**WHAT IS REQUIRED:**
Transcribe the whole listing exactly; the images stay out.

**LISTED RECORDS:**
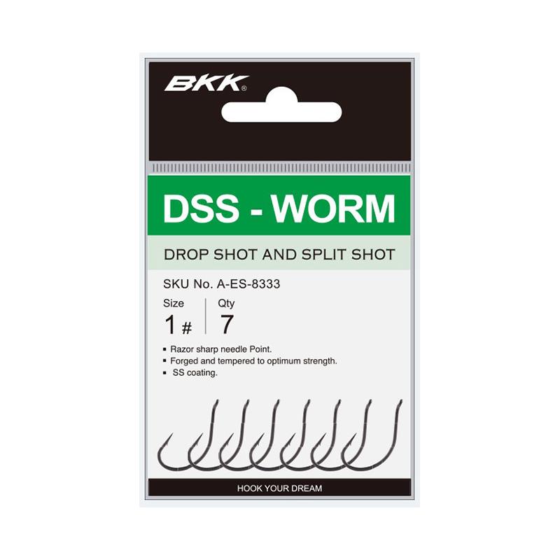 BKK DSS-Worm to najlepszy haczyk do szerokiego zakresu technik «light», takich jak Dropsot i Split Shot. Cechy obejmują ostrą jak brzytwa końcówkę zapewniającą najlepszy stosunek zacięcia/penetracji, kuty trzon dla zwiększonej wytrzymałości oraz powłokę SS o bardzo gładkiej powierzchni dla płynnego przebicia
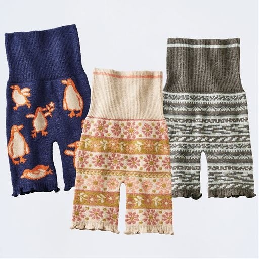 ショーツの上に重ねてあったかな腹巻き付きパンツです。すっきりはける3分丈タイプ。キュートな「ペンギン柄」と華やかな「花柄」、使いやすい「ボーダー柄」の3柄展開。ペンギン柄は前後で柄が異なります。
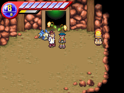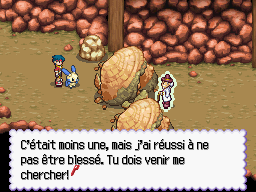 Ce tunnel se traverse facilement. La petite sortie que vous apercevez après un moment est un cul-de-sac, prenez vers le nord. Là, les choses se corsent. Un Triopikeur apparaît brièvement, puis un éboulement vous sépare du Prof. Pressand ! Il vous faut désormais crapahuter à travers cette grotte inconnue infestée de Pokémon délogés par l'éboulement.
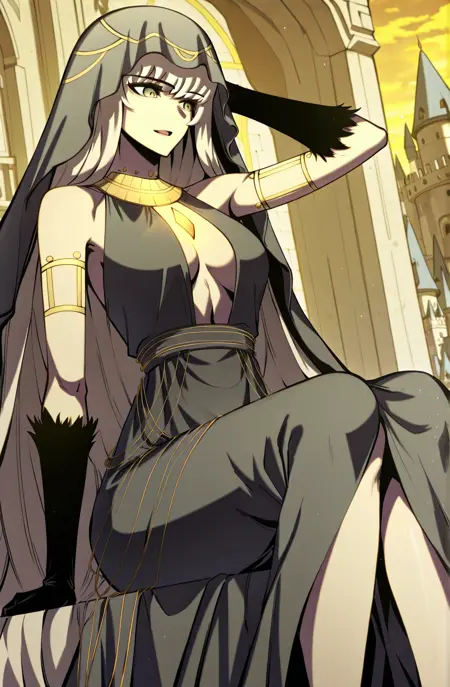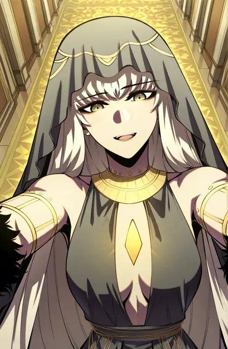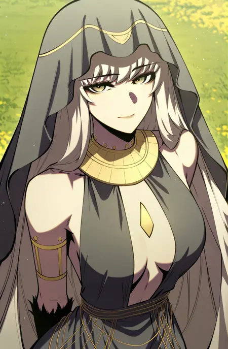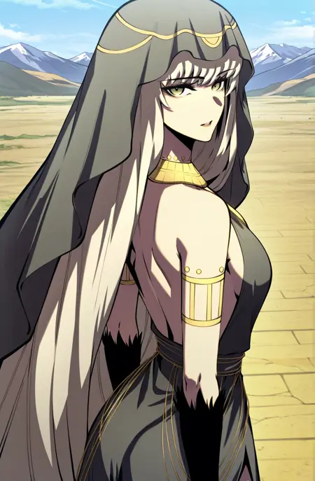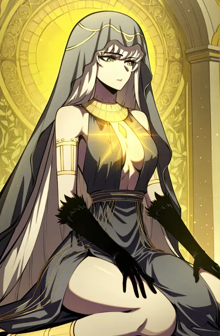 Vahn, 1 girl, solo, gold eyes, very long hair, grey hair, straight hair, messy hair, wavy tips, thick bangs, medium skin, veil, gold-trimmed veil,
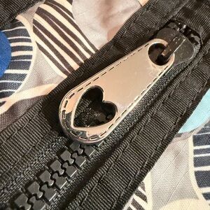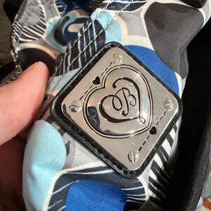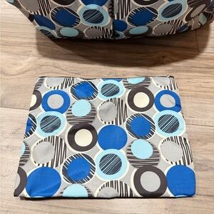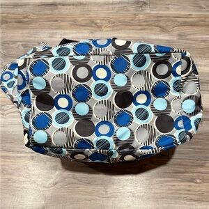 Stylish Brighton tote with blue and gray circular patterns. Perfect for everyday use. Lock and keys to secure you belongings while traveling or every day. Airplane bag. Travel bog. Tote.
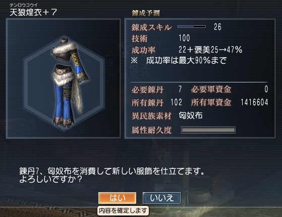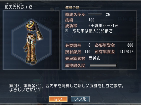 新仮面に合わせたいと思ってる仕立て服を作りたかったので、思い切って+8でチャレンジ!
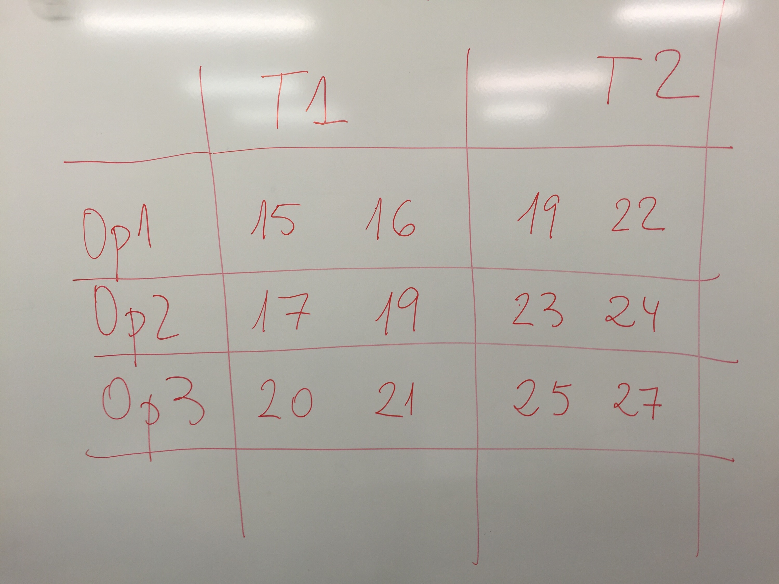 Supongamos que queremos ensayar dos técnicas concretas diferentes (T1 y T2) para evaluar un determinado parámetro sanguíneo y queremos, además, ver cómo influye, en la variación del resultado, el operario. Para ello se toman tres operarios al azar entre los muchos del laboratorio. Se toma una misma muestra y cada operario hace la medición con las dos técnicas haciendo dos réplicas. Los resultados son los siguientes:

**WRITTEN SOLUTION:**
 BKK DSS-Worm to najlepszy haczyk do szerokiego zakresu technik «light», takich jak Dropsot i Split Shot. Cechy obejmują ostrą jak brzytwa końcówkę zapewniającą najlepszy stosunek zacięcia/penetracji, kuty trzon dla zwiększonej wytrzymałości oraz powłokę SS o bardzo gładkiej powierzchni dla płynnego przebicia
 ショーツの上に重ねてあったかな腹巻き付きパンツです。すっきりはける3分丈タイプ。キュートな「ペンギン柄」と華やかな「花柄」、使いやすい「ボーダー柄」の3柄展開。ペンギン柄は前後で柄が異なります。
 Ce tunnel se traverse facilement. La petite sortie que vous apercevez après un moment est un cul-de-sac, prenez vers le nord. Là, les choses se corsent. Un Triopikeur apparaît brièvement, puis un éboulement vous sépare du Prof. Pressand ! Il vous faut désormais crapahuter à travers cette grotte inconnue infestée de Pokémon délogés par l'éboulement.
 Vahn, 1 girl, solo, gold eyes, very long hair, grey hair, straight hair, messy hair, wavy tips, thick bangs, medium skin, veil, gold-trimmed veil,
 Stylish Brighton tote with blue and gray circular patterns. Perfect for everyday use. Lock and keys to secure you belongings while traveling or every day. Airplane bag. Travel bog. Tote.
 新仮面に合わせたいと思ってる仕立て服を作りたかったので、思い切って+8でチャレンジ!
 Supongamos que queremos ensayar dos técnicas concretas diferentes (T1 y T2) para evaluar un determinado parámetro sanguíneo y queremos, además, ver cómo influye, en la variación del resultado, el operario. Para ello se toman tres operarios al azar entre los muchos del laboratorio. Se toma una misma muestra y cada operario hace la medición con las dos técnicas haciendo dos réplicas. Los resultados son los siguientes:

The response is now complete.